- Prompt
Any pictures in the records below must be left out when you repeat the lines from the line containing "ห่วงใยพี่น้องประชาชนให้ระมัดระวัง &hel...อ่านต่อ >>" through the line containing "For 30+ years, Futurist" exactly.

- Data to process
= Beginning of Section =

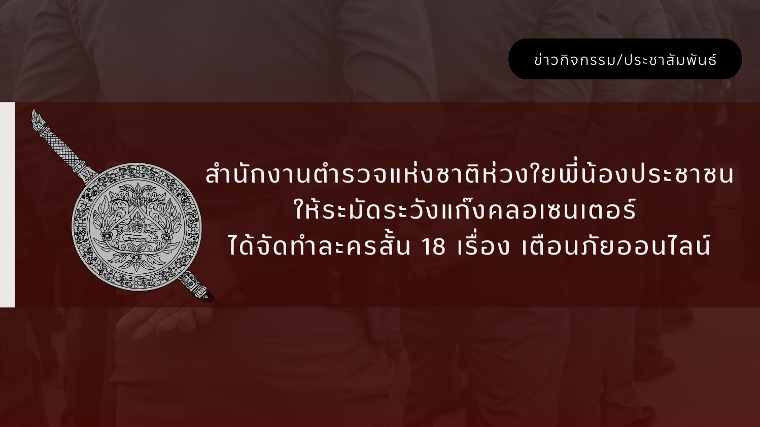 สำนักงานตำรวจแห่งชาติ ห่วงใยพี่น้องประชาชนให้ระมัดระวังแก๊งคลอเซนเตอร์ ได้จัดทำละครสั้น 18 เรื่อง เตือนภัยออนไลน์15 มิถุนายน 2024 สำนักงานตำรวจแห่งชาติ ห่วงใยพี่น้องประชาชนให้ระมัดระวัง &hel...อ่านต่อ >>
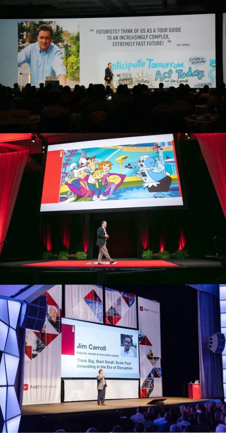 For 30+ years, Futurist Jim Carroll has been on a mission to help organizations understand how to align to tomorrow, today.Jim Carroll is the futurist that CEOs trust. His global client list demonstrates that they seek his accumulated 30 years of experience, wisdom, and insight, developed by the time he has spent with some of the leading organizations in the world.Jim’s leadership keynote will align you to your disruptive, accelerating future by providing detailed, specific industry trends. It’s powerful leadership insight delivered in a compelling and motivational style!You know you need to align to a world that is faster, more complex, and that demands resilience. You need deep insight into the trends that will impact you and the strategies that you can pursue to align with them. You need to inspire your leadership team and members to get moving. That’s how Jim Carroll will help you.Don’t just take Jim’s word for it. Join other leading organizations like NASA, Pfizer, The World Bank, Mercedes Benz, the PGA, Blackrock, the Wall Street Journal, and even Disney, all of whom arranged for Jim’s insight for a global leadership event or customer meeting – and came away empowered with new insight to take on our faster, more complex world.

= End of Section =
= Beginning of Section =

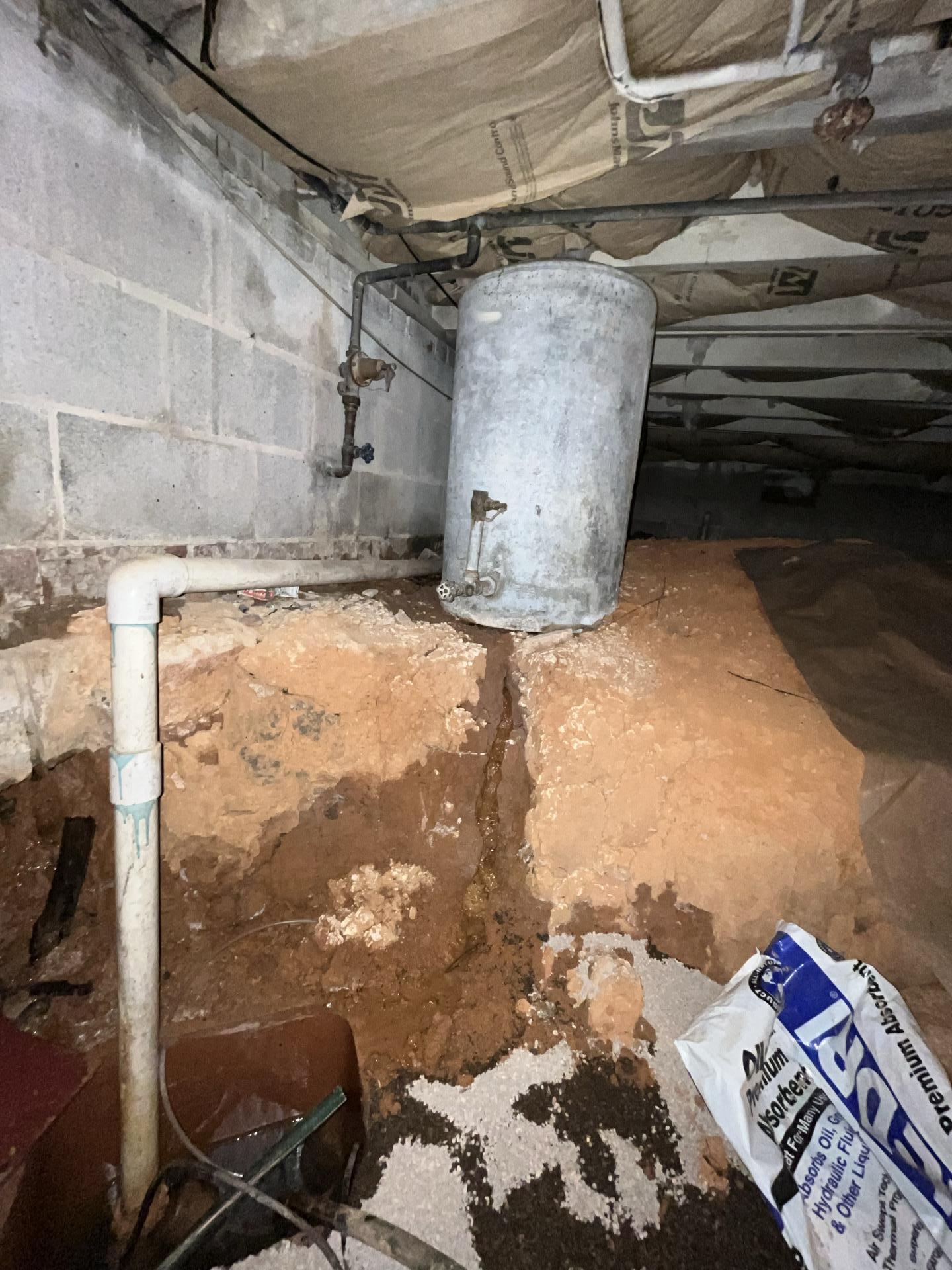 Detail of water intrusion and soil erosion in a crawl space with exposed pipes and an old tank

= End of Section =

- Output
 สำนักงานตำรวจแห่งชาติ ห่วงใยพี่น้องประชาชนให้ระมัดระวังแก๊งคลอเซนเตอร์ ได้จัดทำละครสั้น 18 เรื่อง เตือนภัยออนไลน์15 มิถุนายน 2024 สำนักงานตำรวจแห่งชาติ ห่วงใยพี่น้องประชาชนให้ระมัดระวัง &hel...อ่านต่อ >>
 For 30+ years, Futurist Jim Carroll has been on a mission to help organizations understand how to align to tomorrow, today.Jim Carroll is the futurist that CEOs trust. His global client list demonstrates that they seek his accumulated 30 years of experience, wisdom, and insight, developed by the time he has spent with some of the leading organizations in the world.Jim’s leadership keynote will align you to your disruptive, accelerating future by providing detailed, specific industry trends. It’s powerful leadership insight delivered in a compelling and motivational style!You know you need to align to a world that is faster, more complex, and that demands resilience. You need deep insight into the trends that will impact you and the strategies that you can pursue to align with them. You need to inspire your leadership team and members to get moving. That’s how Jim Carroll will help you.Don’t just take Jim’s word for it. Join other leading organizations like NASA, Pfizer, The World Bank, Mercedes Benz, the PGA, Blackrock, the Wall Street Journal, and even Disney, all of whom arranged for Jim’s insight for a global leadership event or customer meeting – and came away empowered with new insight to take on our faster, more complex world.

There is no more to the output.